With the ADK agent and its “business card” (the AgentCard) defined, the AgentExecutor is the final essential component. The AgentExecutor acts as the bridge between the standardized A2A protocol and your agent’s custom internal logic.
This class acts as the bridge. Its responsibilities include:
- Receive requests from the A2A server.
- Translate the user’s query into a format the ADK agent can understand.
- Manage the lifecycle of the task (e.g., submitted -> working -> completed).

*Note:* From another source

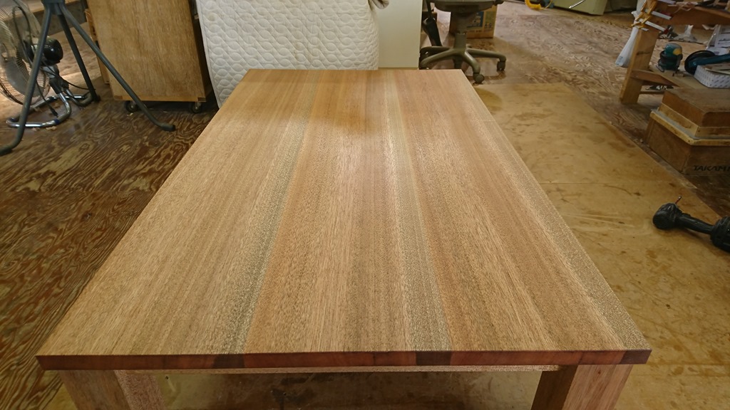 こたつ製作3 2017年10月27日 最終更新日時 : 2017年10月27日 高見 耕 オイル塗り込んで完成しました。 オイルを塗るのも力仕事です。 塗って耐水ペーパーでひたすら磨きます。 塗る時間の10倍かかります・・・(汗) すると・・・ 鈍い光沢がでます。(ピントが合っていませんが・・・) 今回はスマホのカメラをイジッて近い色にしました。 普通に撮ると白っぽいです。 この「こたつ」は3つのパーツに分解できます。 脚x4、こたつやぐら、天板(重いですが) 脚の取り付け方はヒ・ミ・ツです。 あっ!まだ、ヒーターの取り付けが残っていました。 次回で完成ですかね~ \ 最新情報をチェック / FacebookXBlueskyHatenaCopy

- Package the agent’s final answer into a standard A2A Artifact (an object containing the agent output) to send back to the client.
Here is the complete implementation for our QnAAgentExecutor.

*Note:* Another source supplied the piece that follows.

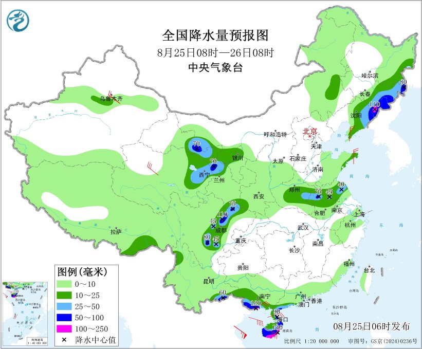 預(yù)計,8月25日8時至26日8時,青海東部、甘肅中部、黑龍江東南部、吉林東部、遼寧東部、河南東部、蘇皖中北部、四川盆地西部和北部、云南東南部、廣西南部、廣東西南部沿海、海南島大部等地部分地區(qū)有大到暴雨,其中,吉林東南部、四川盆地西北部、廣西南部沿海、海南島南部等地部分地區(qū)有大暴雨(100~130毫米)。上述部分地區(qū)伴有短時強(qiáng)降水(最大小時降雨量20~60毫米,局地可超過80毫米),局地有雷暴大風(fēng)等強(qiáng)對流天氣。中央氣象臺8月25日6時發(fā)布暴雨藍(lán)色預(yù)警。

# Imports for the Agent Executor
from a2a.server.agent_execution import AgentExecutor, RequestContext
from a2a.server.events import EventQueue
from a2a.server.tasks import TaskUpdater
from a2a.types import TaskState, TextPart, UnsupportedOperationError
from a2a.utils.errors import ServerError
from google.adk import Runner
from google.adk.artifacts import InMemoryArtifactService
from google.adk.memory.in_memory_memory_service import InMemoryMemoryService
from google.adk.sessions import InMemorySessionService
from google.genai import types
# Assumes 'qna_agent' (the ADK LlmAgent) is already defined
class QnAAgentExecutor(AgentExecutor):
"""
Agent Executor that bridges the A2A protocol with our ADK agent.
"""
def __init__(self):
"""Initializes the executor with a lazy-loading pattern for efficiency."""
self.agent = None
self.runner = None
def _init_agent(self):
"""
Lazy initialization of the ADK Runner. This avoids loading the agent
and its resources until the first request is received.
"""
if self.agent is None:
self.agent = qna_agent
# The Runner orchestrates the agent's execution, managing LLM calls,
# tool execution, and state.
self.runner = Runner(
app_name=self.agent.name,
agent=self.agent,
# For this tutorial, we use in-memory services. In production,
# you might use persistent storage like Vertex AI Memory Bank.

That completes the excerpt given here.